Personal information
- Full name: Elliot Ragomo
- Date of birth: 28 May 1990 (age 35)
- Place of birth: Solomon Islands
- Position(s): Defender

Team information
- Current team: Minas Tênis Clube
- Number: 3

Senior career*
- Years: Team / Apps / (Gls)
- 2015–2017: Marist
- 2017–: Minas Tênis Club

International career^{‡}
- 2008–: Solomon Islands Futsal / 50 / (25)

= Elliot Ragomo =

Solomon Islands futsal player

Elliot Ragomo (born 28 May 1990) is a futsal player from the Solomon Islands.

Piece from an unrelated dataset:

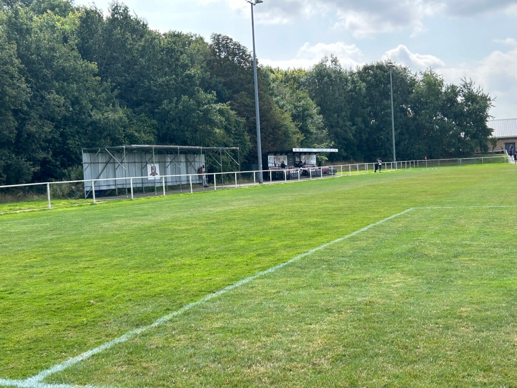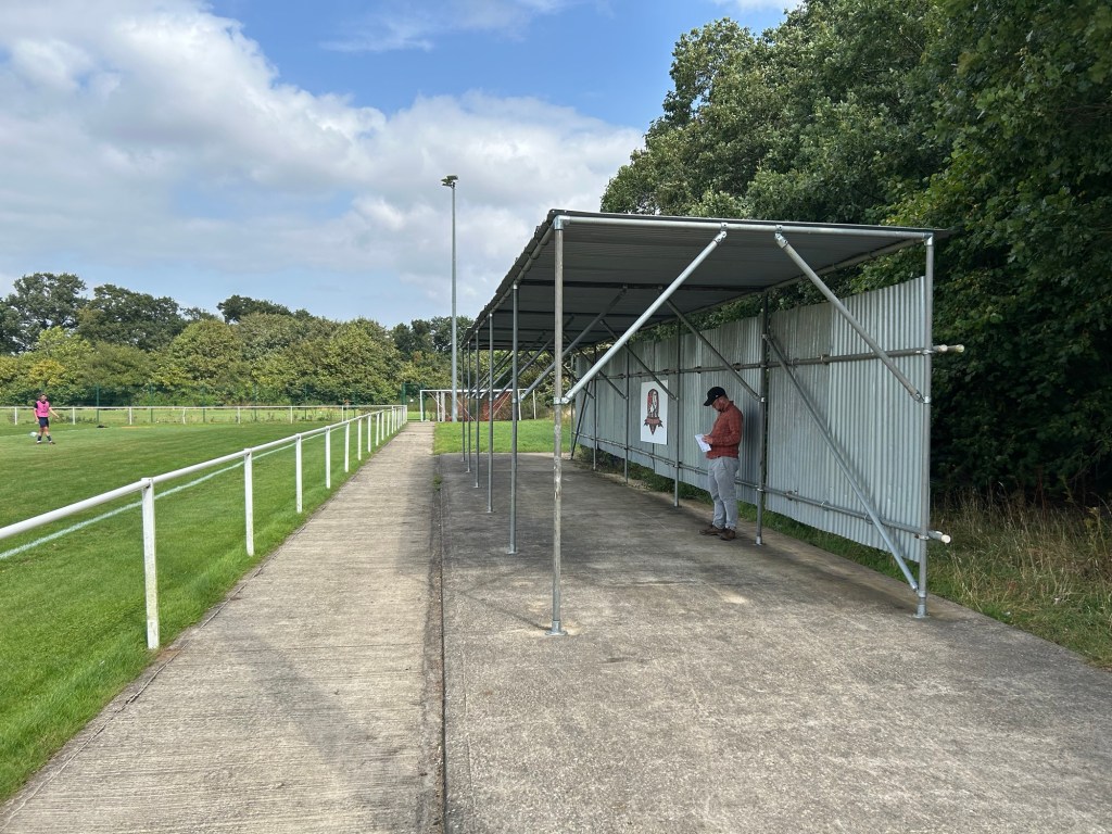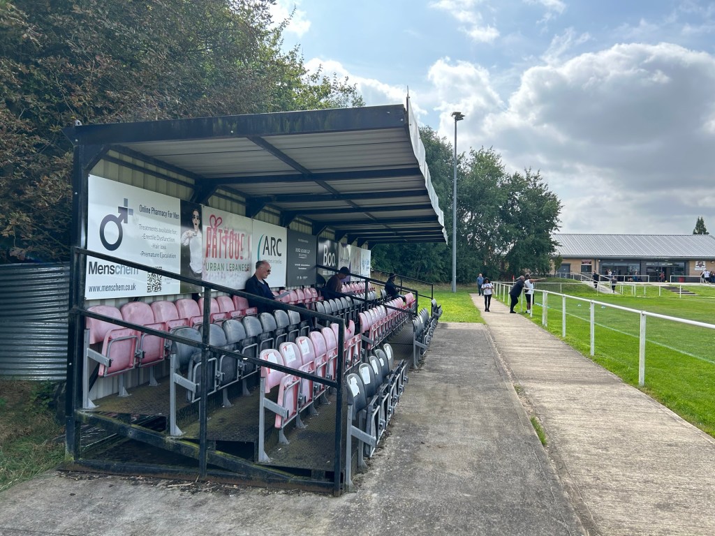 The ground contains hard standing around all 4 sides. Along one side of the pitch are the 2 covered stands. The seated stand is a pre built ‘arena’ stand which contains all of the grounds seats. Next to this is a covered standing area which appears to be made of scaffolding. Not the prettiest stand we have ever seen but it does the job!

He plays as a defender for Brazilian club Minas Tênis Clube in the Liga Nacional de Futsal and the Solomon Islands national futsal team. Ragomo is the first futsal player from the Solomon Islands who plays professionally. Ragomo currently hold the title of the fastest ever goal scored in an official futsal match. He scored 3 seconds into the match between Kurukuru and New Caledonia in 2009.

==Club career==
Ragomo came through the youth ranks of Marist and made his debut for the club in 2015. In 2017, he transferred to Brazilian side Minas Tênis Clube.

==International career==
Ragomo made his debut at the age of 18 for the Solomon Islands national futsal team at the 2008 FIFA Futsal World Cup in a 10–2 loss to Cuba. He has also played for and captained the Kurukuru at the three World Cups that followed.